In this in vitro assessment of the mutagenic potential according to OECD TG 471of Octadecanoic acid, reaction products with tetraethylenepentamine, histidine dependent auxotrophic mutants of Salmonella typhimurium, strains TA1535, TA1537, TA98 and TA100, and a tryptophan dependent mutant of Escherichia coli strain CM891 (WP2uvrA/pKM101), were exposed to the test substance diluted in ethanol, which was also used as a negative control.

Two independent mutation tests were performed in the presence and absence of liver preparations from Aroclor 1254-induced rats (S9 mix). Both were standard plate incorporation assays, but in the second, the proportion of S9 fraction in the S9 mix was increased from 10% to 20%.

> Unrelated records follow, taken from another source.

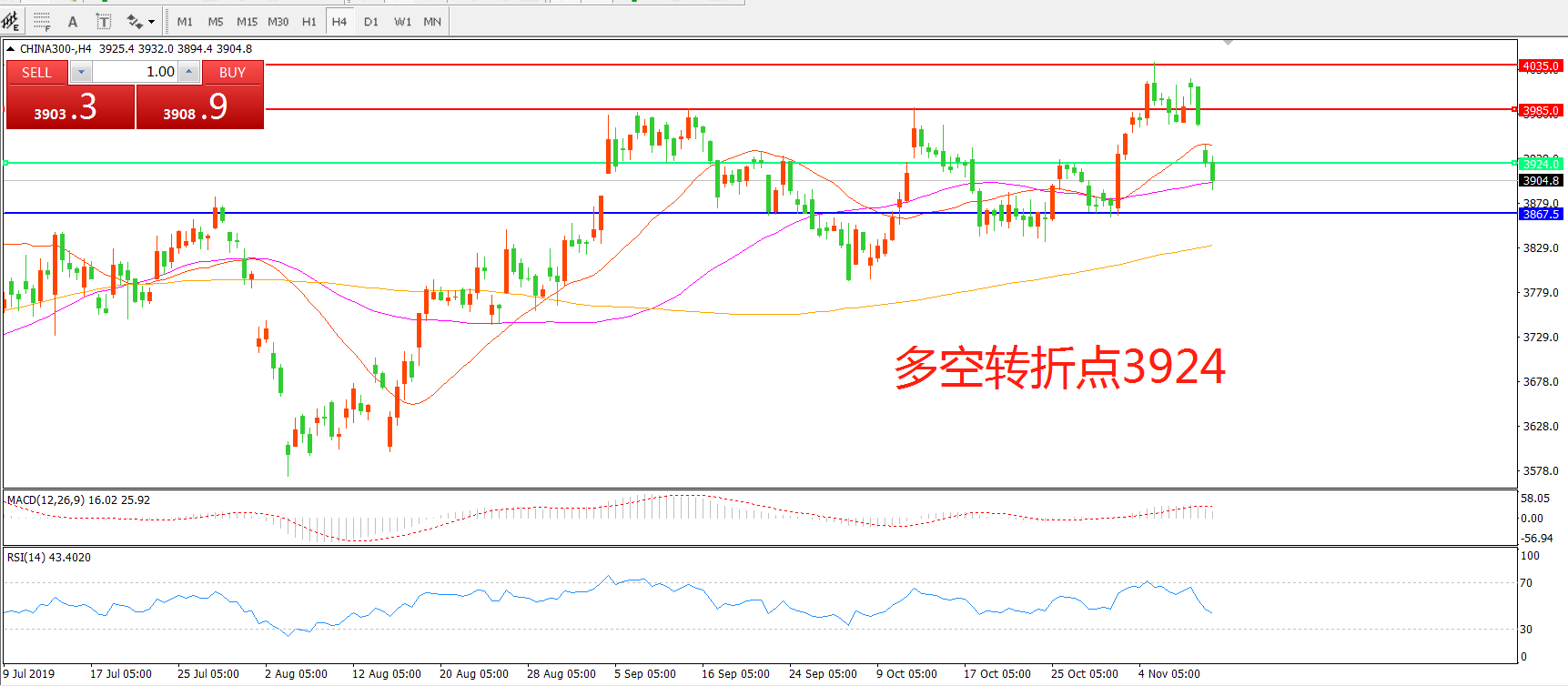 4小时图看,沪深300低开低走,整体走势偏弱,均线系统走平,MACD红柱减少,RSI指标向下,日内延续重点关注是否有缺口回补态势,短期震荡下行概率较大。
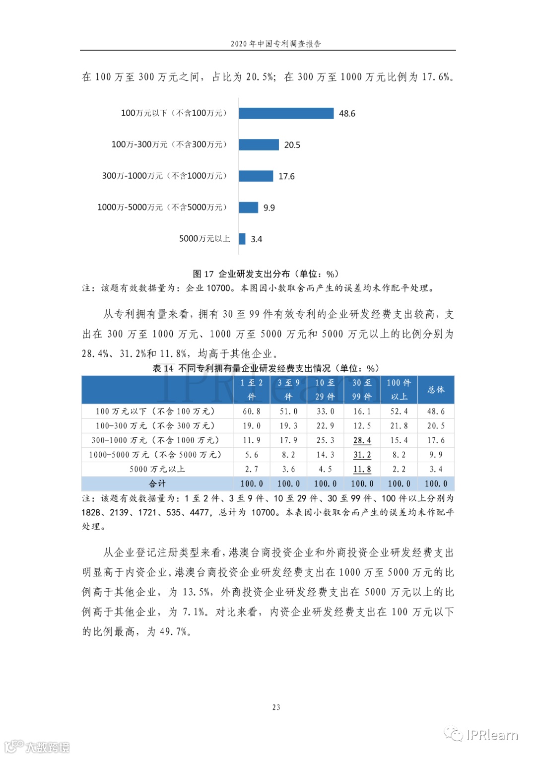 发明专利研发投入力度持续加强。2020年我国有效发明专利研发投入在100万元以上的比例为16.5%,较2019年高4.4个百分点。有效发明专利研发投入在10万元以下的比例较上年减少1.2个百分点,降至43.4%。
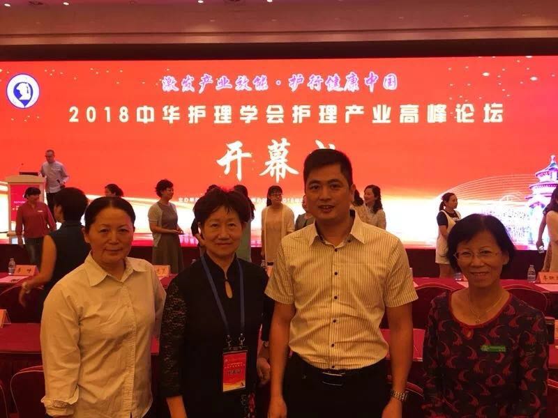 2018年9月7日,應中華護理學會產業工作委員會的邀請,作為全國培訓機構的代表——廣東省德誠職業培訓學院,由許綿群院長率團赴北京出席中華護理學會產業高峰論壇,許綿群院長作為論壇嘉賓專家就“激發產業效能,護行健康中國”為主題上臺發言。
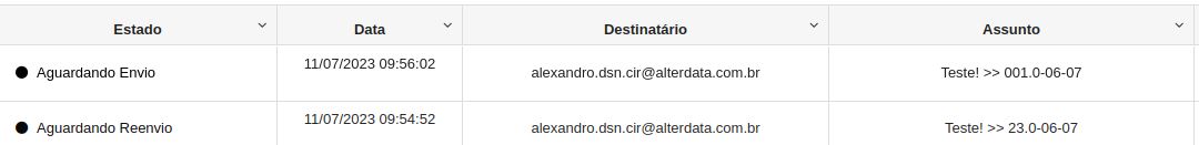 - Mensagens que estiverem que estiverem com status 'Aguardando Envio' ou 'Aguardando Reenvio' a mas de 60 minutos já serão candidatas a esse reenvio, segue abaixo uma imagem das mesagens nessas condições
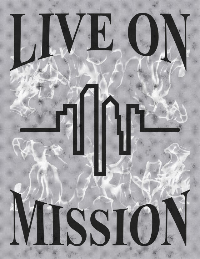This re-purposed concept was initially created for a crewneck sweatshirt to be sold as merchandise for the youth department as a part of their rebrand. The new church logo is featured front and center, with the “Live on mission” phrase grounding the top and bottom of the design. I drew inspiration from vintage sports graphics and used Illustrator to create the curved effect on the top and bottom of the phrase. Also by utilizing blending modes in Photoshop, I created the flame texture that fills out the design.
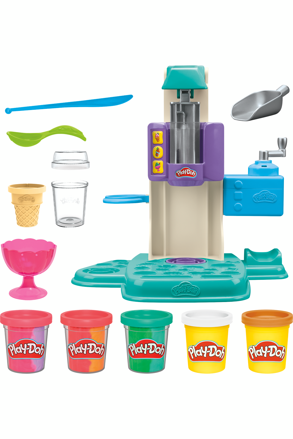 Twirl into imaginative play with the Play-Doh Rainbow Swirl Ice Cream Playset! Load the machine with two or more Play-Doh colours and press the handle to fill the spinning cup or cone with rainbow-edged pretend soft-serve. Create make-believe sprinkles and other Play-Doh food like pretend pretzels, fanciful fruits and crazy candy cups to decorate creations. This toy ice cream set comes with a spoon, a toy knife, a sprinkle scoop, a dish, a cone and a cup with a cover, so children can play pretend ice cream shop and imagine serving up their Play-Doh creations. This Play-Doh kit includes 284 g (10 ounces) of Play-Doh modelling compound, including three dual-colour cans to make multicolour swirls and decorations. Toy kitchen appliances like this Play-Doh kitchen set for children make great presents for 3-year-old children and up.
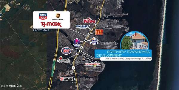 Introducing the Riverview Luxury Townhomes, a prestigious development opportunity in Lacey Township, NJ. 2 Lots. This exclusive property features nine luxury units with stunning river views, each boasting 4 bedrooms, 3 bathrooms, and three levels of spacious living space ranging from 1,729 SF to 3,351 SF. The unique reverse living design offers breathtaking views of the Forked River and State marina, making it a truly remarkable Jersey Shore living experience. Situated less than 2.5 miles from Garden State Parkway Exit 74, this prime location provides convenient access to a range of amenities and attractions. The property's rent roll showcases a lucrative rental income stream from existing tenants, adding to the investment appeal of this exceptional real estate opportunity.
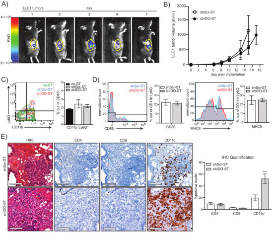 We next examined the effects of low-dose shIDO-ST treatment on immune cell infiltration in a KrasLSL-G12D/+; Trp53R270H/+(KP) mouse model of NSCLC, where Kras and p53 mutations can be activated in the lung by intranasal administration of adenovirus encoding Cre recombinase (Ad-cre) [41]. Following published timelines for tumor growth, we treated mice with shScr-ST or shIDO-ST (2 months post-Ad-cre administration) at low dose (1 × 106 cfu) [22,35] and isolated lungs from treated groups 24 h later. H&E staining of lung sections revealed small cancer foci surrounded by hyperplastic growth of transformed lung cells (Figure 2E, H&E panels). Staining of sections with primary antibodies against CD4, CD8 and CD11c revealed that shIDO-ST treatment significantly increased infiltration of CD11c+ cells (p < 0.0001) in transformed lung tissue (as determined by IHC), while CD4+ and CD8+ cells remained unchanged and were largely confined to blood vessels with little infiltration into tumor tissue (Figure 2E). As the KP model showed inconsistent lung transformation with large variation in size of tumor foci post-administration of the Ad-cre, we chose to employ the LLC1 model for the remainder of our studies, which is the only highly reproducible lung cancer model utilizing immunocompetent mice [56].
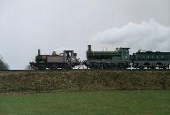 'Stepney' and 65 double-head a train up the bank just south of Horsted Keynes.
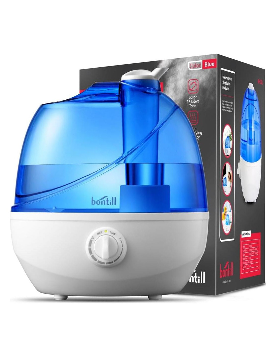 - TANQUE FÁCIL DE LLENAR SIN FILTRO: El elegante y transparente tanque de agua de 2.5 litros es fácil de llenar directamente desde el fregadero de tu cocina o baño, este humidificador libre de BPA viene con un adaptador de corriente de CA, no se necesita filtro, fácil de limpiar
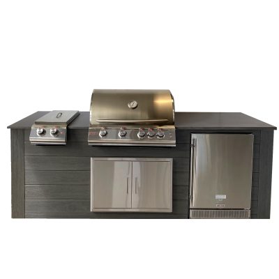 This Pro-Fit 8-foot outdoor kitchen island is a great option for homeowners who want a beautiful and functional outdoor kitchen without the hassle of a lengthy installation. Featuring a sleek and modern design, it’s easy on the eyes and built to last. The lightweight yet durable aluminum frame is finished with our low-maintenance Signature Decking, making it a breeze to keep clean. Plus, the beautiful porcelain countertop provides the perfect prep and serving area.
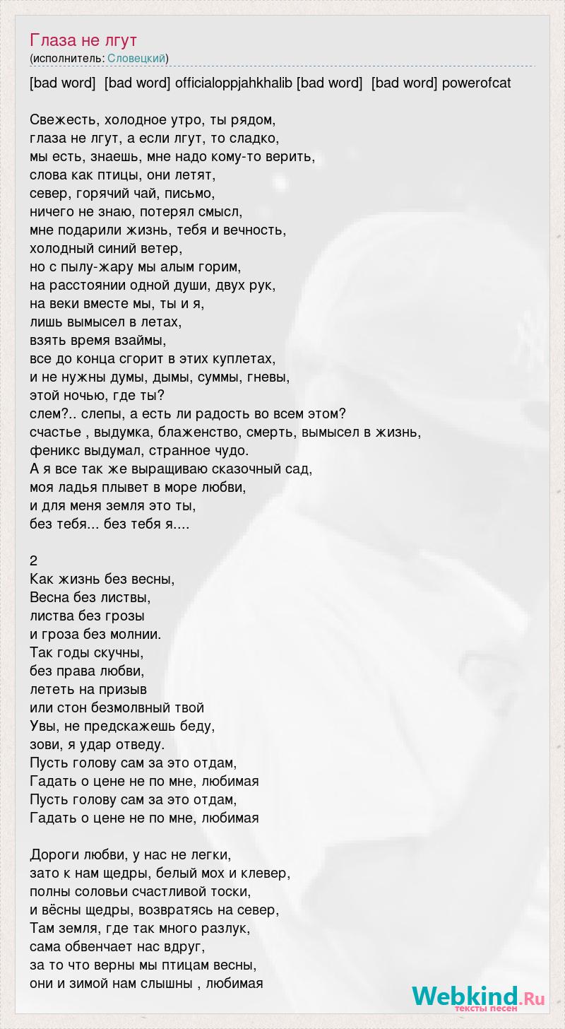 [bad word] [bad word] officialoppjahkhalib [bad word] [bad word] powerofcat Свежесть, холодное утро, ты рядом, глаза не лгут, а если лгут, то сладко, мы есть, знаешь, мне надо кому-то верить, слова как птицы, они летят, север, горячий чай, письмо, ничего не знаю, потерял смысл, мне подарили жизнь, тебя и вечность, холодный синий ветер, но с пылу-жару мы алым горим, на расстоянии одной души, двух рук, на веки вместе мы, ты и я, лишь вымысел в летах, взять время взаймы, все до конца сгорит в этих куплетах, и не нужны думы, дымы, суммы, гневы, этой ночью, где ты? слем?.. слепы, а есть ли радость во всем этом? счастье , выдумка, блаженство, смерть, вымысел в жизнь, феникс выдумал, странное чудо. А я все так же выращиваю сказочный сад, моя ладья плывет в море любви, и для меня земля это ты, без тебя... без тебя я.... 2 Как жизнь без весны, Весна без листвы, листва без грозы и гроза без молнии. Так годы скучны, без права любви, лететь на призыв или стон безмолвный твой Увы, не предскажешь беду, зови, я удар отведу. Пусть голову сам за это отдам, Гадать о цене не по мне, любимая Пусть голову сам за это отдам, Гадать о цене не по мне, любимая Дороги любви, у нас не легки, зато к нам щедры, белый мох и клевер, полны соловьи счастливой тоски, и вёсны щедры, возвратясь на север, Там земля, где так много разлук, сама обвенчает нас вдруг, за то что верны мы птицам весны, они и зимой нам слышны , любимая

Concentrations of up to 5000 µg/plate were tested in the mutation tests. This is the standard limit concentration recommended in the regulatory guidelines this assay follows. Other concentrations used were a series of ca half-log10 dilutions of the highest concentration.

Inhibition of bacterial growth, observed as a reduction in revertant colony numbers, occurred in all strains following exposure to the test item at 5000 µg/plate.

No evidence of mutagenic activity was seen at any concentration of the test item in either mutation test.

The concurrent positive controls demonstrated the sensitivity of the assay and the metabolising activity of the liver preparations.

It is concluded that, when tested in ethanol, the test item shows no evidence of mutagenic activity in this bacterial system.